Each line containing the string "Hairy" should be copied out of the entries.
[Opening STUDY MATERIAL section]
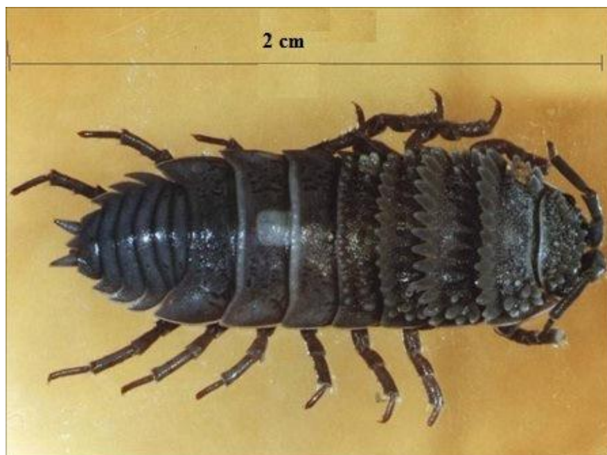
Figure 1 A dorsal view of a female Hemilepistus shirazi Schuttz (Rahbar et al. , 2015)

This viviparous organism lives for about one year. The white brood pouch under the abdomen of the female swells in March. The eggs form larvae in the pouch, and 60-70 sowbugs, very similar to their parents, are released from the pouch in May. They are very active in the spring and fall. They come out of their burrows in the cool air of early morning and late afternoon. It seems that digging deep into the soil is to reach a humid surrounding. There are semi-spherical spaces at the end of their burrows, five to 10 cm in diameter (Rahbar et al. , 2015). They form semi-cylindrical, rods of soil, two mm long and one mm in diameter (burrowed materials), with their mandibles, and place them to one side of the opening of their burrows (Figure 2). These rods are seemingly more resistant to slaking than the freshly laid sediment from which they are formed. As some remains of the sowbug are found in scorpion burrows, it is believed that Hemilepistus shirazi Schuttz is eaten by this arachnid.
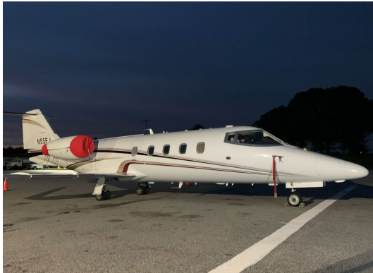
Lear 60 Cockpit Heatshields, Tri-Fold Engine Covers

Cockpit Heatshields are interior sunshades for the aircraft's cockpit. The product is a unique composite of closed-cell foam with a silver mylar finish. The semi-rigid design is stiff enough to stand inside the window framing. The set folds up flat and is easily stored in the included storage sleeve. Some designs may require velcro and suction cups. Our Heatshields for jets are offered white side out because some aircraft manufacturers have issued advisories against reflective window inserts due to potential heat damage. A Heatshield is an excellent short-term remedy for cockpit overheating, but an external fabric cover is more effective for long-term protection.
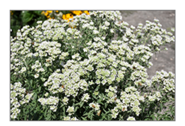
Hairy Mountain Mint flowers

Hairy Mountain Mint is recommended for the following landscape applications;
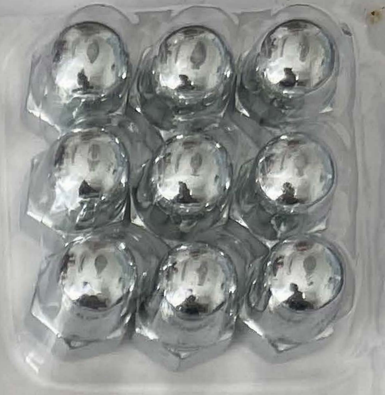
#7 Cap/Castle M8 Nut(9PCS)
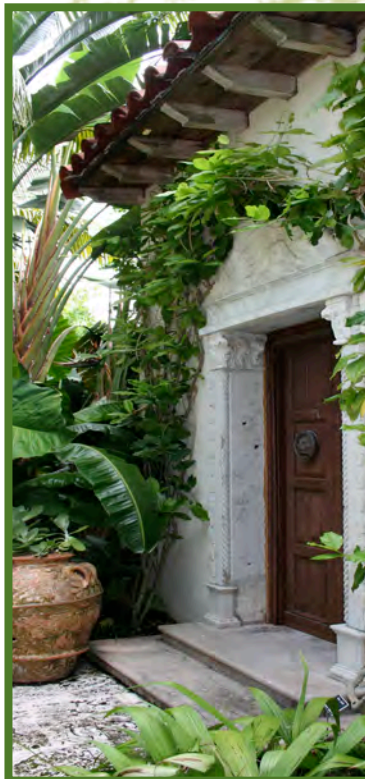
Spanish Garden: This facade is located in one of nine demonstration gardens at the Four Arts.
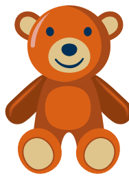
hug a favorite toy
[Closing STUDY MATERIAL section]
> [ANSWER BOX]
Hairy Mountain Mint flowers
Hairy Mountain Mint is recommended for the following landscape applications;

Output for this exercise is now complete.